New York, 1980, 1st edition. 268 pp, ills. Hardcover with dust jacket. Fine condition.
SIGNED by Reinhold Messner
This describes Messner's first Himalayan expedition in 1978. It describes three expeditions to Nanga Parbat in the 1970s, including his solo of the peak, and the death of Reinhold's brother Gunther.
1970 - THE RUPAL FACE
In 1970 the two brothers Reinhold and Günter Messner participated in their first Himalayan expedition. They successfully climbed the mixed route of the Rupal Flank to the summit of Nanga Parbat. The route where hard and the climb to the summit was a great feat itself. Due to extreme weather, the late hour and that Günther was extremely exhausted, they made the decision to descend through unknown terrain by the less steep West Face.
After three days of descending, both brothers were near total physical collapse. Especially Günther, who found it very hard to keep up in Reinhold's pace. Near the foot at the mountain Reinhold was in front to scout a way through the crevasses. When he returned back up to meet Günter he had perished! Only a large avalanche cone showed the place where Günther should be! Reinhold searched desperately for his brother for a whole day. He just couldn't believe that his brother, together with whom he has shared so many climbing adventures in the Alps together with was dead!
This was the first time that Reinhold got to know the thin line between total mental, physical collapse and madness. With his last powers he stumbled into base-camp. Badly frostbitten, Reinhold had to amputate sex of his toes and several fingertips. This was the third ever ascent of Nanga Parbat. - And a personal catastrophe for Reinhold Messner that took many, many years to get over.
Until todays date (year 2002), the Rupal Face is still waiting for a second ascent...

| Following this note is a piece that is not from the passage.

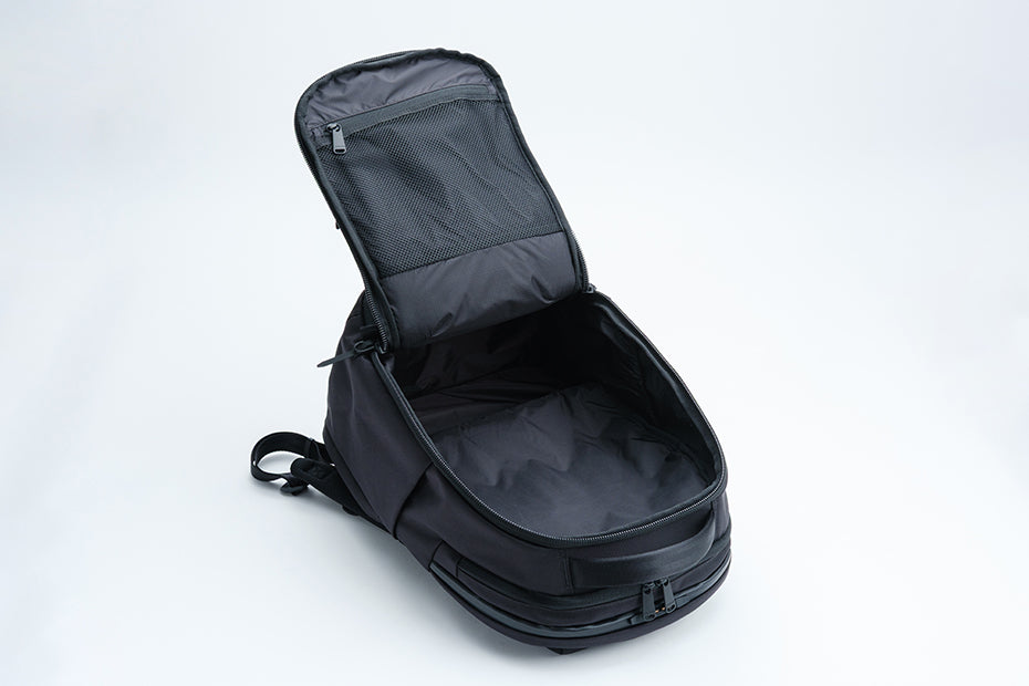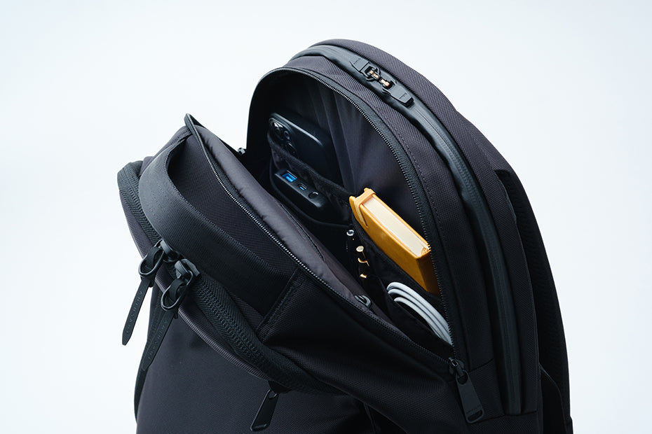 さらにルーム内前面に大型のジッパーポケットも配置。かさばる充電ケーブルやマウスも収納可能です。ガジェットルームを身体側に配置し、重心を内側へ向ける事で、重い荷物でも後ろに引っ張られにくく、体への負担を軽減します。

1971 - LOOKING FOR GÜNTHER
The following year, Reinhold returned to Nanga Parbat to search for his missing brother. Not a trace was found...
1973 - A SOLO ATTEMPT
Again, in 1973, Reinhold returned to Nanga Partbat. The mountain was by now always present in his mind and dreams. He was totally obsessed with the idea to climb it solo - and tried - and failed.
1977 - A SOLO ATTEMPT
In 1977, during a personal crisis, Reinhold once again returned to 'his' mountain, and once again he planned to climb it solo. This time he never dared to make a 100% committed try, because he was scared that - 'somewhere up there, I would freak out and be unable to cope'.
1978 - THE DIAMIR FACE
Finally, with with a strong inner force and self-confidence in his mind, Reinhold successfully solo climbed a new route on the Diamir Face.
The climb was done in pure Alpine style. No climbing equipment except for his ice axe and crampons where brought on the trip. This was the first time ever an 8,000 meter mountain was climbed solo. On the way up, an earthquake triggered a massive avalanche that blocked the possibility for any retreat down through the chosen route. Reinhold immediately putted the avalanche behind him in his mind; this time he was ready and he had never a single thought about retreat.
On the third day Reinhold reached the top! The descent was a masterpiece itself, done through unknown terrain. A new route up, a new route down - solo on Nanga Parbat!